Both the line below containing "今年6月30日,《翠湖周邊歷" and the line containing "Draft budgets are", along with every line between them, should be repeated exactly; no other line belongs in the answer.

▶ [AVAILABLE RECORDS]:
□ □ □ □

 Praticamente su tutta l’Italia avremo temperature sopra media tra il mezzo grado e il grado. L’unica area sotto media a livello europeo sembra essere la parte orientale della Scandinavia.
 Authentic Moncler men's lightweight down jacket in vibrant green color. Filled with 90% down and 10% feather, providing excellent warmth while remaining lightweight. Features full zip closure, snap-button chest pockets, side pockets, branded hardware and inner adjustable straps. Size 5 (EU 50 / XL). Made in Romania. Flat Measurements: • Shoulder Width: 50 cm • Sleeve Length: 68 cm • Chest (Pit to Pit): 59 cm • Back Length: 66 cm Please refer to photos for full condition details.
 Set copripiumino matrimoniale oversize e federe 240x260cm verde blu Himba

□ □ □ □

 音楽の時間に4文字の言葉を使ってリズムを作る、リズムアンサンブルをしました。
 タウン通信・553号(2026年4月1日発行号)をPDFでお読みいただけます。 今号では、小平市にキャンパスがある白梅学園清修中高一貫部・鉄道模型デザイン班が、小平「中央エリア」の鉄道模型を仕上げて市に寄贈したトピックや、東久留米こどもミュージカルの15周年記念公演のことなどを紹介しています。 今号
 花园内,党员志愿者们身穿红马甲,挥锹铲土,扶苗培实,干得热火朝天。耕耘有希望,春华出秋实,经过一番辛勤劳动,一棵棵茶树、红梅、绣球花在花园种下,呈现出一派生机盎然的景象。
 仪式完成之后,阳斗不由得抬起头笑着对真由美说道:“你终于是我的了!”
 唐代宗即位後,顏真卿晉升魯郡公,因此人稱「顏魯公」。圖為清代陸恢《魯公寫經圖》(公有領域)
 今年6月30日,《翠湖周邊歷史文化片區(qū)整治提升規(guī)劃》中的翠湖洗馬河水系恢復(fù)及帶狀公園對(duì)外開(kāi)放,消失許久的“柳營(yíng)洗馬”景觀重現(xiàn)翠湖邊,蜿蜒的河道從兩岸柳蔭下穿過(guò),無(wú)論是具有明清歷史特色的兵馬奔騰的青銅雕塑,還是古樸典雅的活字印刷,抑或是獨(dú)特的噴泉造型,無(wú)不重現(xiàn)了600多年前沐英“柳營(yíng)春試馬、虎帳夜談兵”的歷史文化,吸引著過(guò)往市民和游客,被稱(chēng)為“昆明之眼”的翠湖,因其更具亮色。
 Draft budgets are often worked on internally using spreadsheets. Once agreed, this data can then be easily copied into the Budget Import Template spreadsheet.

□ □ □ □

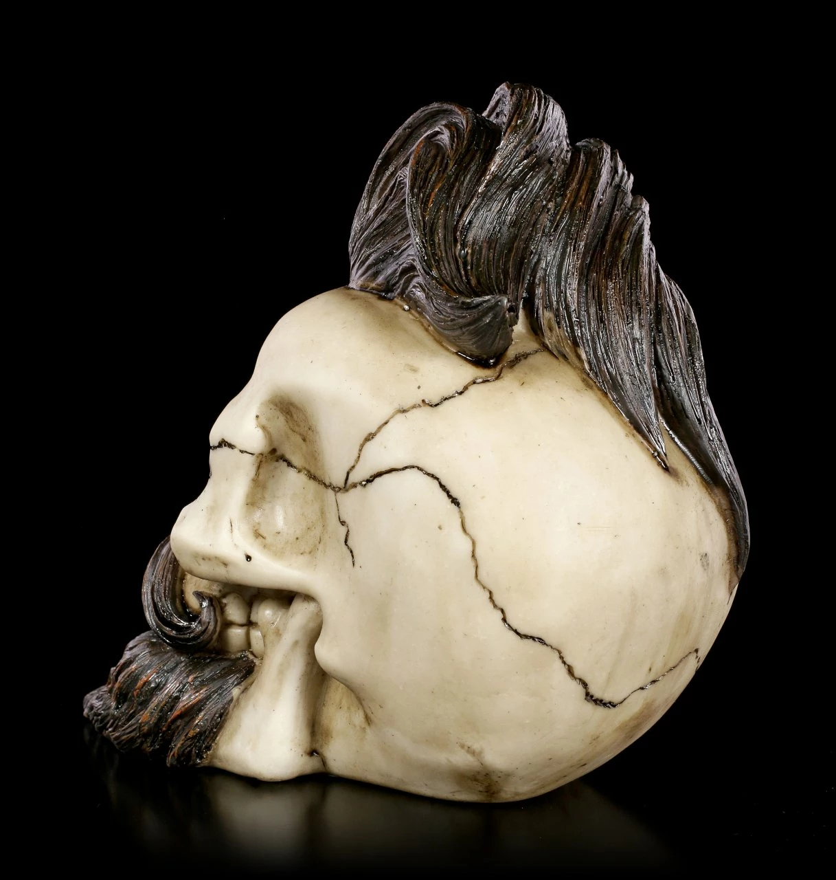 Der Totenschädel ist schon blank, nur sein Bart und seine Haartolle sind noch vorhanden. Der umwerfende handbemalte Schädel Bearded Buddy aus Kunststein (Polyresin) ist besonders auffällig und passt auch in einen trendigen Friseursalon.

□ □ □ □

▶ [EXERCISE RESPONSE]:
 今年6月30日,《翠湖周邊歷史文化片區(qū)整治提升規(guī)劃》中的翠湖洗馬河水系恢復(fù)及帶狀公園對(duì)外開(kāi)放,消失許久的“柳營(yíng)洗馬”景觀重現(xiàn)翠湖邊,蜿蜒的河道從兩岸柳蔭下穿過(guò),無(wú)論是具有明清歷史特色的兵馬奔騰的青銅雕塑,還是古樸典雅的活字印刷,抑或是獨(dú)特的噴泉造型,無(wú)不重現(xiàn)了600多年前沐英“柳營(yíng)春試馬、虎帳夜談兵”的歷史文化,吸引著過(guò)往市民和游客,被稱(chēng)為“昆明之眼”的翠湖,因其更具亮色。
 Draft budgets are often worked on internally using spreadsheets. Once agreed, this data can then be easily copied into the Budget Import Template spreadsheet.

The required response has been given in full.